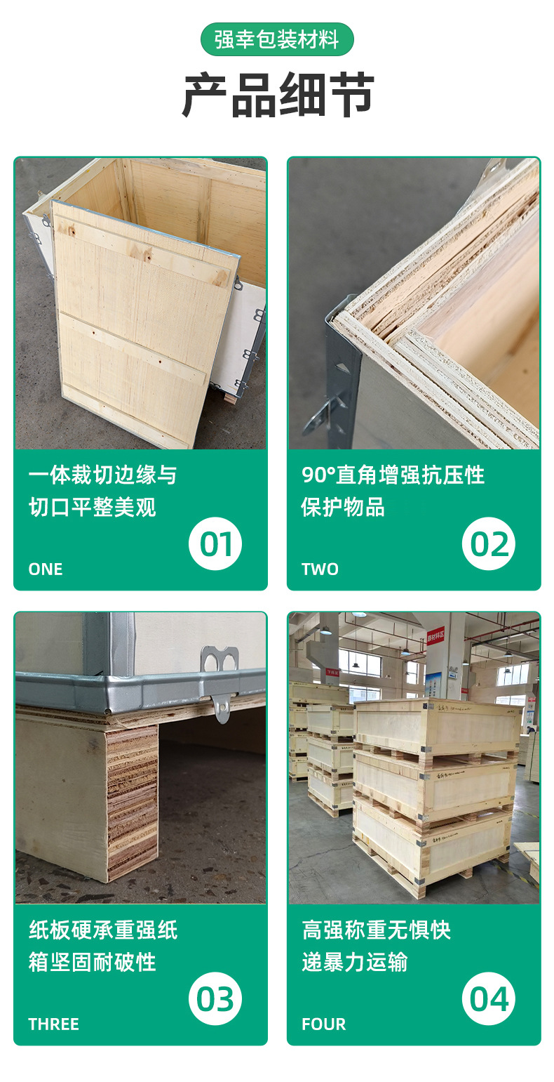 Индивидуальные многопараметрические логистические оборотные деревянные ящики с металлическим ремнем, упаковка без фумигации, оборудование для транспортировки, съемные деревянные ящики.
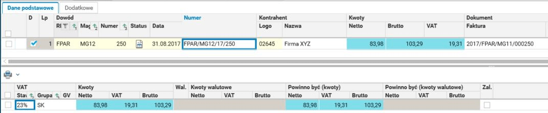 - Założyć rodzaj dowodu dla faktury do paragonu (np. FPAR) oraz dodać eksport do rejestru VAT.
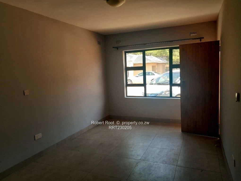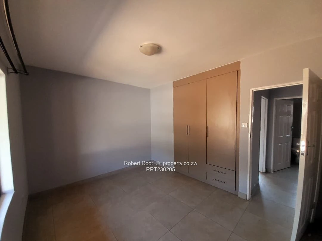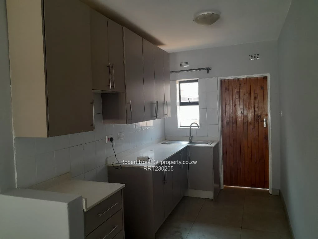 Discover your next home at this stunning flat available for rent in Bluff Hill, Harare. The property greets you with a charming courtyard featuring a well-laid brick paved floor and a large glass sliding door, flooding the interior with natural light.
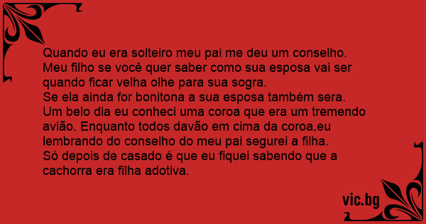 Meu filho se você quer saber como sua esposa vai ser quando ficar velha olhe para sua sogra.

--

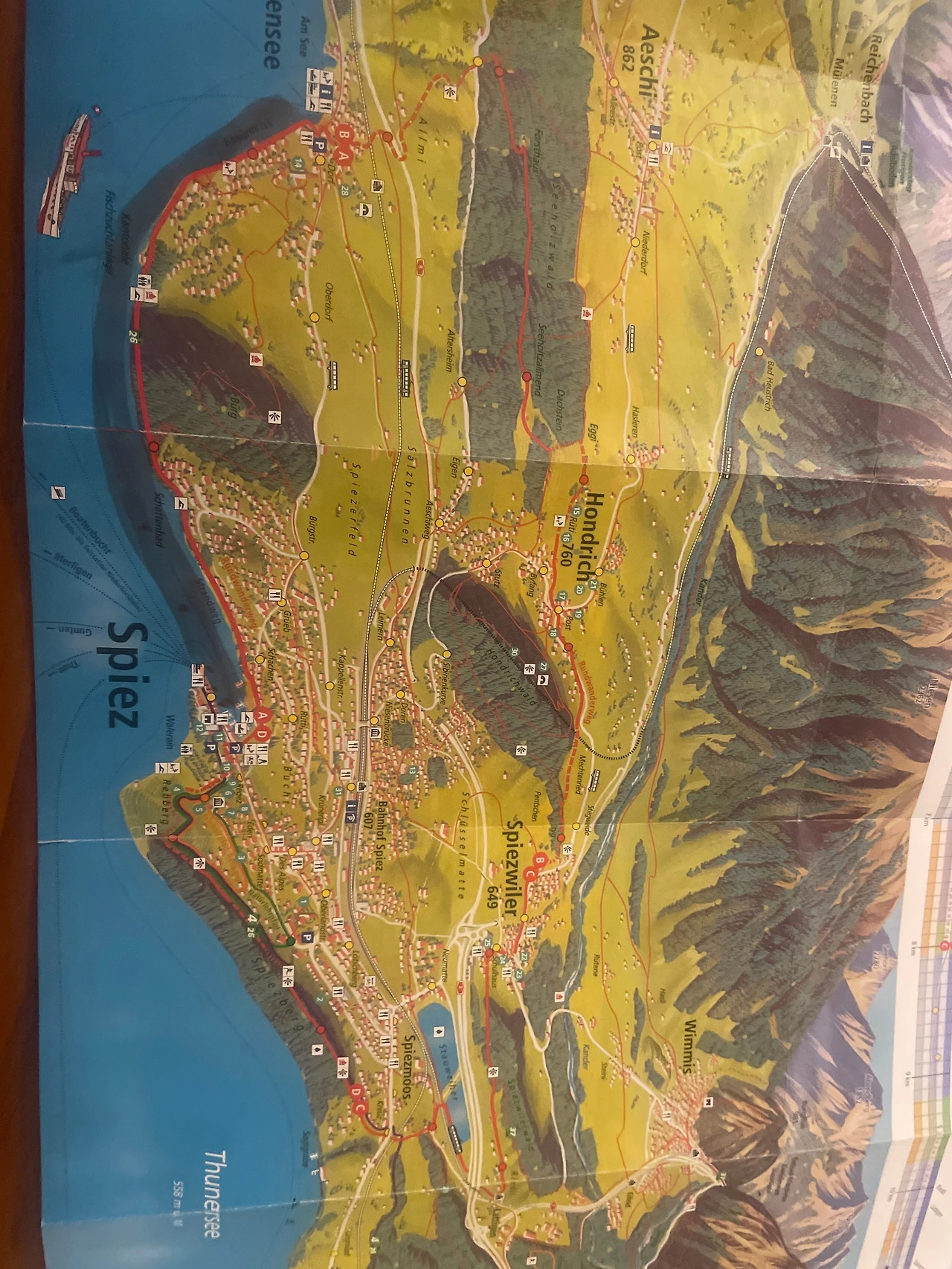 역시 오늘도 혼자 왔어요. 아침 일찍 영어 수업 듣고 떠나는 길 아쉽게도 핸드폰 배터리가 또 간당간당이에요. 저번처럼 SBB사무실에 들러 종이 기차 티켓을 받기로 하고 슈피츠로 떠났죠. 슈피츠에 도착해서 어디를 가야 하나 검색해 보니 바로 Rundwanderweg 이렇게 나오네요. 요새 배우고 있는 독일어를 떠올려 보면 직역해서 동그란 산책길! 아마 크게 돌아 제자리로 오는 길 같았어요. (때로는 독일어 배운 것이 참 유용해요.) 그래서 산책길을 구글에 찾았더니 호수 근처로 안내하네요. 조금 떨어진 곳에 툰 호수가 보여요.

#### What you have to do:
From the records above, copy exactly the lines starting at the one with "- Założyć rodzaj" and ending at the one with "Meu filho se", and no others. Pictures stay out.

#### Problem solution:
 - Założyć rodzaj dowodu dla faktury do paragonu (np. FPAR) oraz dodać eksport do rejestru VAT.
 Discover your next home at this stunning flat available for rent in Bluff Hill, Harare. The property greets you with a charming courtyard featuring a well-laid brick paved floor and a large glass sliding door, flooding the interior with natural light.
 Meu filho se você quer saber como sua esposa vai ser quando ficar velha olhe para sua sogra.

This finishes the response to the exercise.